The Physicians Voice in IT: Defining CMIO Roles & Responsibilities

The leadership role of the CMIO is becoming firmly established as a true clinical IT decision-maker and facilitator within many U.S. health systems, hospitals and large medical groups, mainly through relationships with physicians and medical staff. However, the responsibilities, roles and expectations, as well as the staff considerations of CMIOs, vary from facility to facility based on the unique reporting structure of that institution.

"Often, the CMIO is an advisor; [he or she is] on the frontline with responsibilities during the EHR implementation and during its overall lifecycle," says Vi Shaffer, research vice president and global industry services director for healthcare providers at Gartner, a technology research firm.

CMIOs don't always make all the decisions, but they most often guide clinical IT decision outcomes. "He or she causes decisions to be made, and then, ensures these decisions are substantiated in the EHR," Shaffer says. The CMIO pushes clinical IT projects such as meaningful use metrics, accountable care organizations, pay for performance, as well as structure and documentation for the EHR.

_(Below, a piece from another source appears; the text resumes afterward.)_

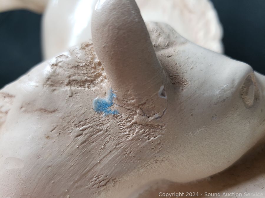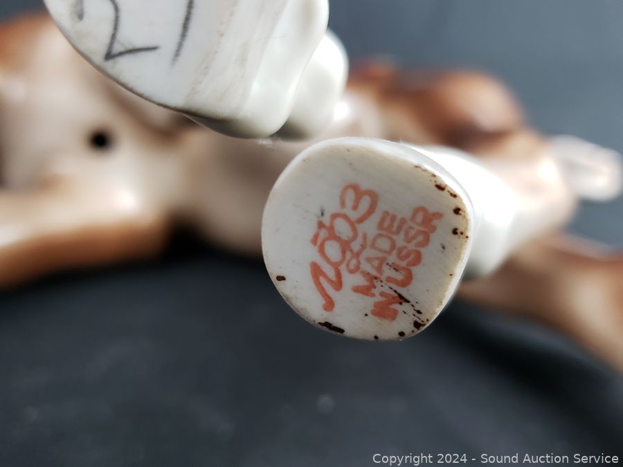 Large white one ear has been repaired, 1 has a repaired leg & tail faded Chinese mark, 1 is Goebel has a repaired foot, 1 has a USSR mark, don't see any issues. Approx. 8" to 10" tall, 8" to 17" long.

A significant responsibility for the CMIO is physician alignment. For example, what if a prestigious physician or group doesn't want to use the new system? Statistics show that the CMIO gets actively involved in these thorny issues—but luckily they don't happen all too often.

This year's AMDIS-Gartner survey of U.S. CMIOs reflects these observations. Survey results show this decade will bring a second wave of changes to the CMIO role. While the first wave was focused on the widespread acceptance among healthcare organizations that the full-time CMIO position needs to be funded, the second wave will witness evolving responsibilities, expanding resources and increased accountability to clinicians with the goal of caregiver acceptance of the value of EHRs.

Among the evolving responsibilities of the CMIO are the "growing resources and expanded accountability, from clinician acceptance of EHR to harvesting value from information and communication technologies," Shaffner says.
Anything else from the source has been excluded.